Records from a data collection

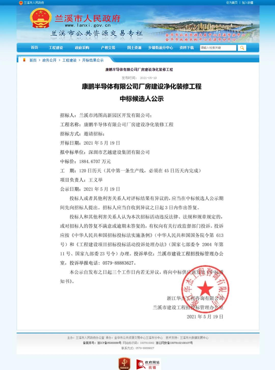 项目名称:浙江兰溪市康鹏半导体有限公司厂房建设净化装修工程;
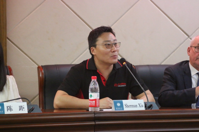 接着,中澳合作办学项目的Sherman Xia,针对现阶段的出国留学问题发表了讲话。他讲道,“2+2”合作办学项目是当前教育部政策下的一种创新型的办学模式,是为我国引进国外优质教学资源与培养国际化人才的有效举措,通过这样的办学模式,可以帮助学生以最小的成本,最短的时间获得最大的出国收益。
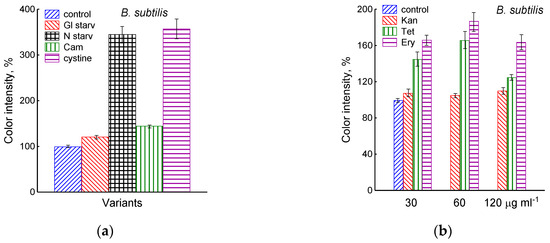 The treatment of growing B. subtilis with 25 μg mL−1 chloramphenicol caused a rapid cessation of growth (Figure 1) and an irreversible decrease in the potential of Eh and sulfide sensors (Figure 2a,b). The largest deviation from the baseline was 108 ± 3 mV, which corresponded to 1.35 µM sulfide (Figure 2b). The Pb(Ac)2 strip test also showed an increase in the H2S content over the culture medium after the addition of Cam. Besides chloramphenicol, H2S excretion in B. subtilis was induced by erythromycin, kanamycin, and tetracycline (Figure 3a,b and Figure S3). H2S excretion was previously observed by us when E. coli, growing on M9 medium with glucose, was treated with several antibiotics, including chloramphenicol (Cam) and tetracycline (Tet) [2].
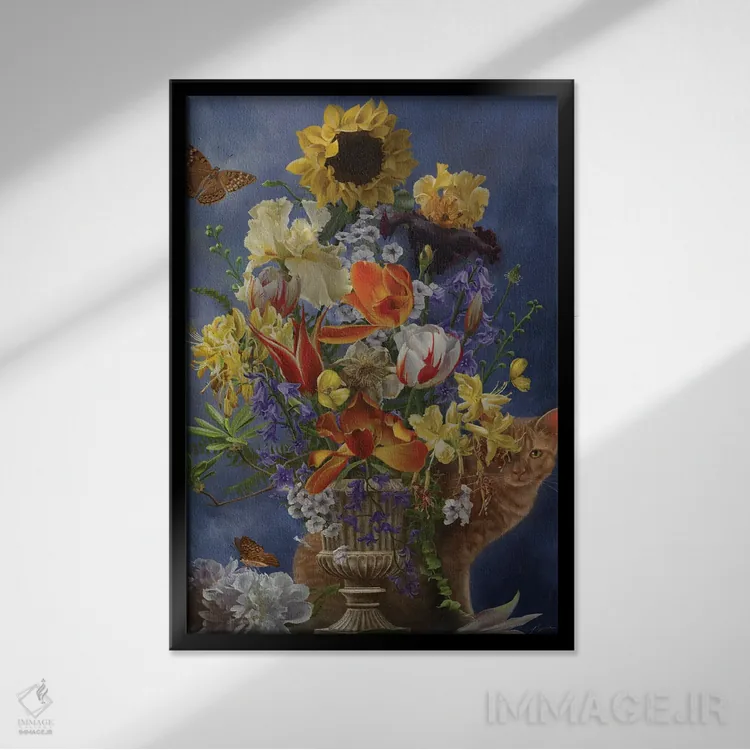براساس پالت ترکیبی اثر، قاب تیک گرم (چوبی) پیشنهاد اول است و مشکی مات (فریم متوسط) مکمل. برای سفارشهای پروژهای با ابعاد و قابهای اختصاصی با ایماژ در تماس باشید.
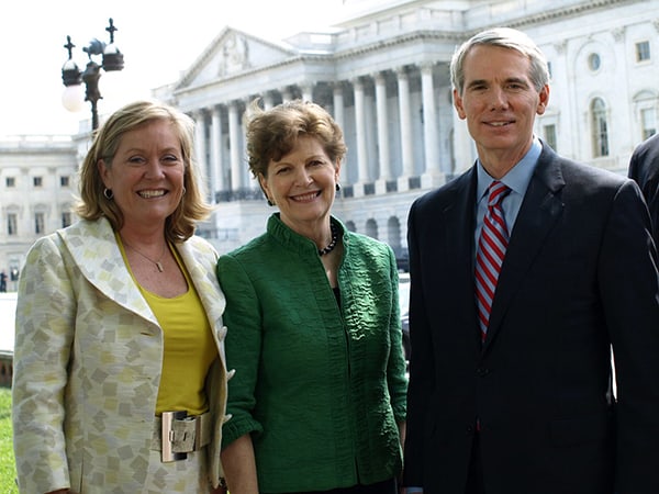 Alliance President Kateri Callahan (left) joins Sens. Jeanne Shaheen and Rob Portman for the bill’s introduction.
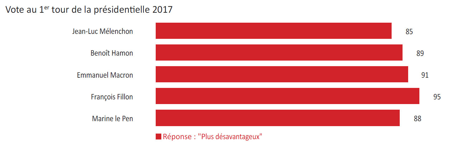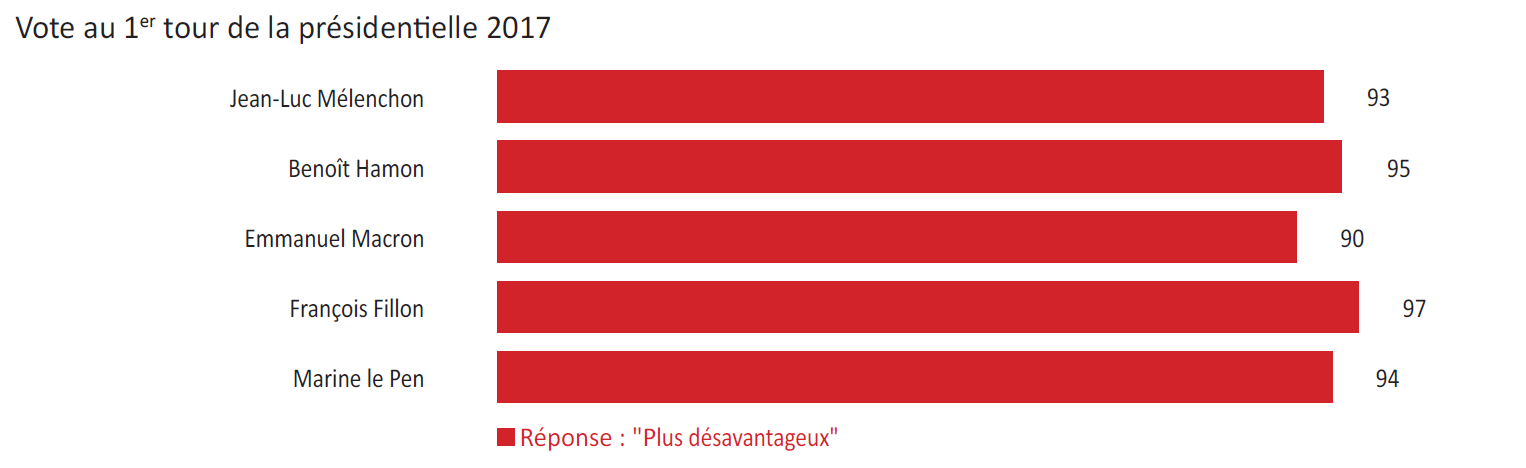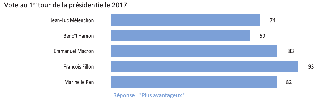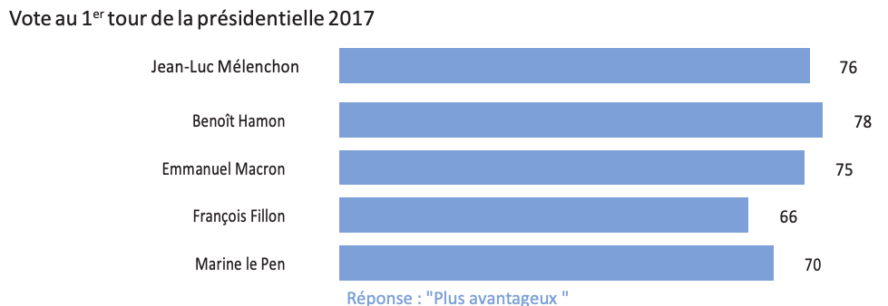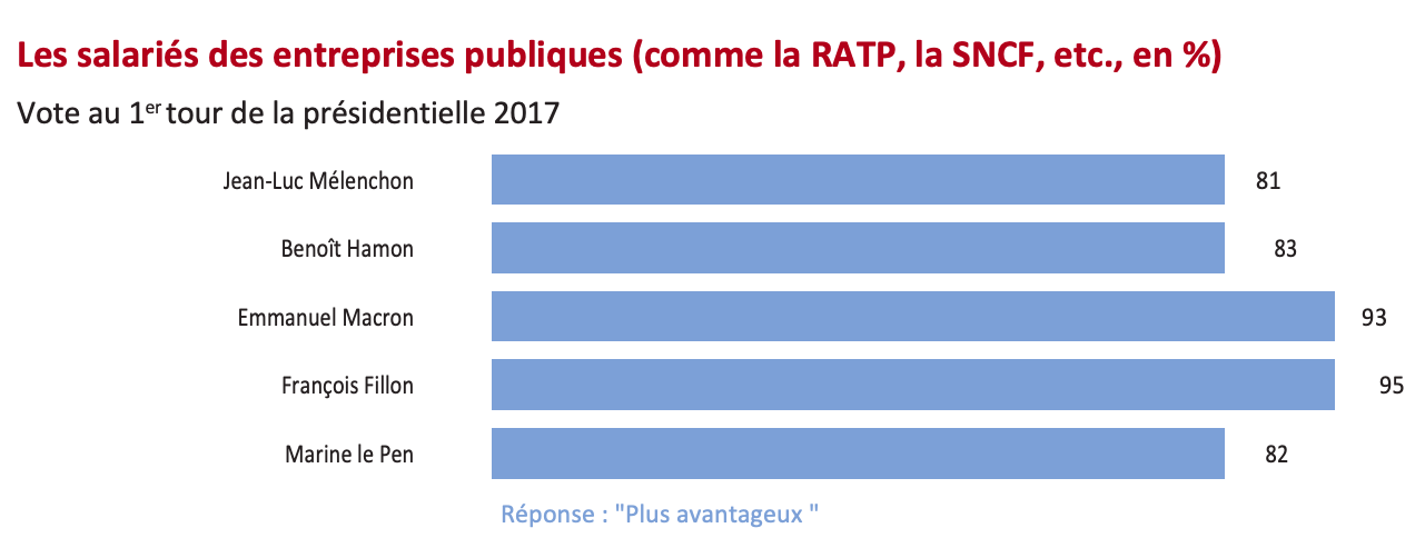 De plus, si la quasi-totalité (96%) des personnes qui se déclarent proches de la droite jugent le régime de retraite des salariés des entreprises publiques, telles que la SNCF ou la RATP, plus avantageux que celui des autres retraités, cette opinion est cependant partagée par une écrasante majorité de ceux qui se déclarent proches de la gauche (80%), y compris parmi les proches de La France Insoumise (76%), du Parti socialiste (89%) ou encore parmi les électeurs de Jean-Luc Mélenchon (81%) et de Benoît Hamon (83%). Enfin, 93% des personnes proches de La République En Marche jugent plus avantageux le régime de retraite des salariés des entreprises publiques.

**Problem statement**
Leaving pictures out, output the lines of the data above from the one with "براساس پالت ترکیبی" through the one with "Alliance President Kateri", word for word.

**Output of the task**
براساس پالت ترکیبی اثر، قاب تیک گرم (چوبی) پیشنهاد اول است و مشکی مات (فریم متوسط) مکمل. برای سفارشهای پروژهای با ابعاد و قابهای اختصاصی با ایماژ در تماس باشید.
 Alliance President Kateri Callahan (left) joins Sens. Jeanne Shaheen and Rob Portman for the bill’s introduction.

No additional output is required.